37 N.C. App. 452 | N.C. Ct. App. | 1978
Defendant contends first that the court committed prejudicial error in submitting the offense of involuntary manslaughter to the jury as one of the verdicts they could return. This contention has no merit.
Defendant argues that there was no evidence of an unintentional shooting; hence there was no evidence to support a charge of involuntary manslaughter. We disagree with this argument.
Involuntary manslaughter is the unlawful killing of a human being, unintentionally and without malice, proximately resulting from the commission of an unlawful act not amounting to a felony, or resulting from some act done in an unlawful or culpably negligent manner. 6 Strong’s N.C. Index 3d, Homicide § 6.1, p. 537.
G.S. 1-180 requires the trial judge in his charge to the jury to “declare and explain the law arising on the evidence given in the case”. Evidence given in the case includes reasonable inferences raised by the evidence.
Defendant testified that just prior to the shooting, “Flora (Mrs. Marks) run up beside of me and in the scuffle there, the gun went off. I don’t know wher’re I pulled the trigger or not. . . .” On cross-examination he testified that he “leveled” the gun at decedent. Mrs. Marks testified that when the scuffle started “I threw up my hand either to grab the gun or go up against Johnny (decedent) for protection, and the gun went off.”
We think the evidence and inferences therefrom were sufficient to support a finding by the jury that the killing was unintentional and without malice, and that it proximately resulted from the commission of an unlawful act not amounting to a felony by defendant, namely, his pointing a loaded firearm at decedent. State v. Foust, 258 N.C. 453, 128 S.E. 2d 889 (1963).
Defendant contends next that if the trial court correctly submitted the offense of involuntary manslaughter as a possible verdict, it erred in not instructing the jury that self-defense is a defense to involuntary manslaughter. We find no merit in this contention.
After instructing the jury with respect to the law on second-degree murder and voluntary manslaughter, His Honor gave full instructions on self-defense; he did not do this following his explanation of the law on involuntary manslaughter and we do not think he was required to do so. As was said by Judge Clark, speaking for this court in State v. Walker, supra, page 487, “[t]he jury when it considered the crime of involuntary manslaughter, had rejected self-defense.” We adhere to that statement. See also State v. Moore, supra.
Finally, defendant contends the court erred in instructing the jury as follows:
“. . . However, if the defendant was attacked in a manner which he could not reasonably believe to be murderous, even though he, the defendant, was in his home, he had a duty to retreat as far as he could, consistent with his own safety, before he could kill in self-defense.”
We find no merit in this contention.
It is obvious that the challenged instruction pertained to self-defense.
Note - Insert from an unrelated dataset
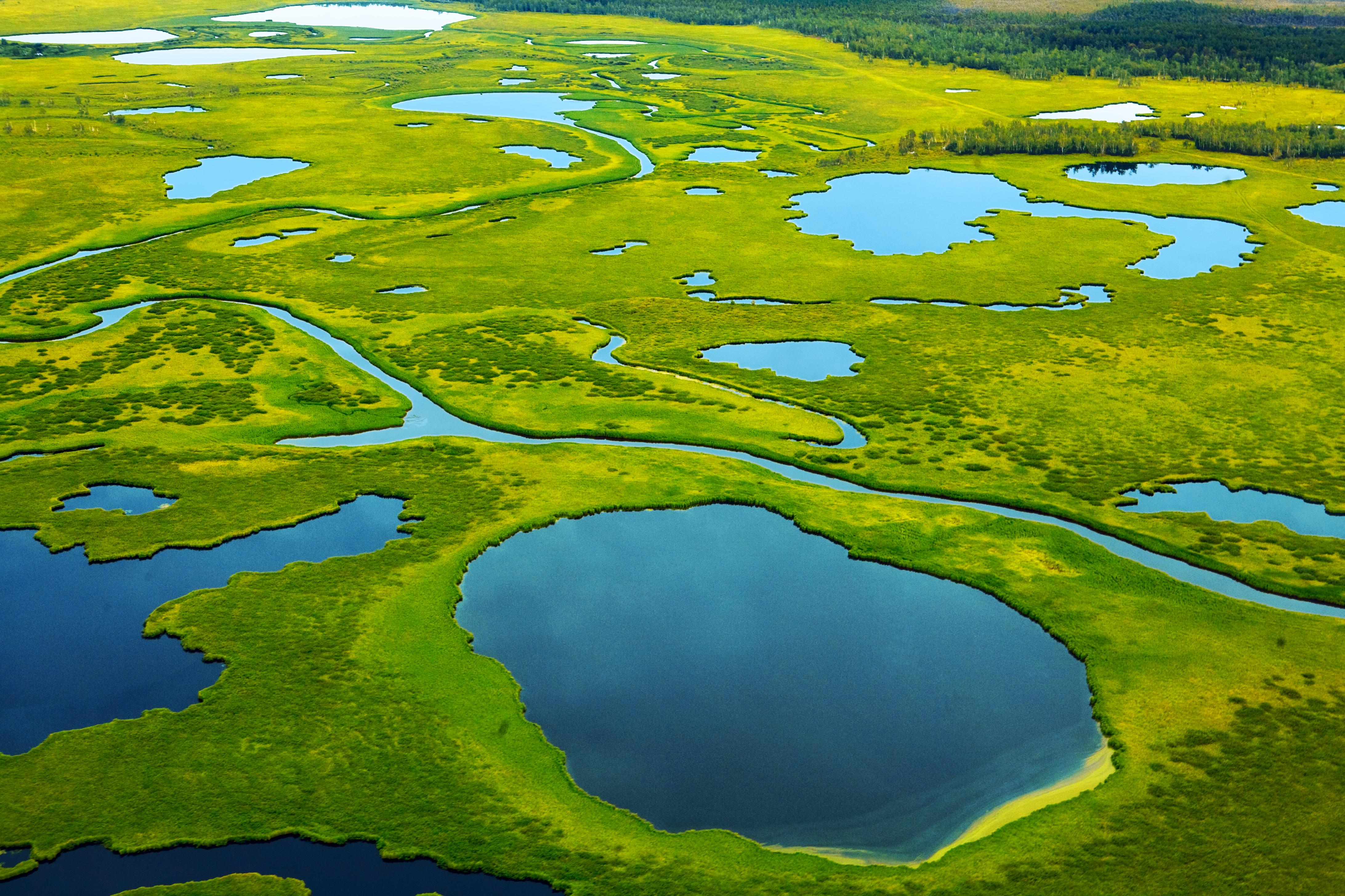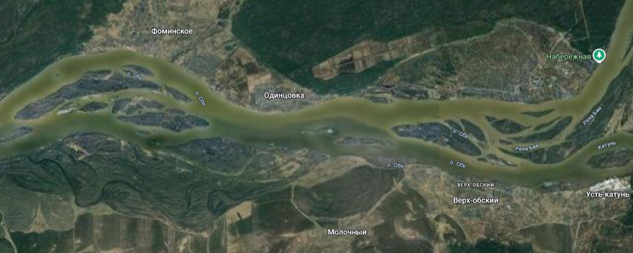 Отсюда река Обь бежит на север через Западную Сибирь и впадает в Обскую губу — крупнейший залив Карского моря.

As indicated above, this defense related to second-degree murder and voluntary manslaughter. By their verdict of guilty of involuntary manslaughter, the jury in effect found defendant not guilty of the two more serious charges. Self-defense was not available to defendant on the charge of involuntary manslaughter,
We conclude that defendant received a fair trial free from prejudicial error.
No error.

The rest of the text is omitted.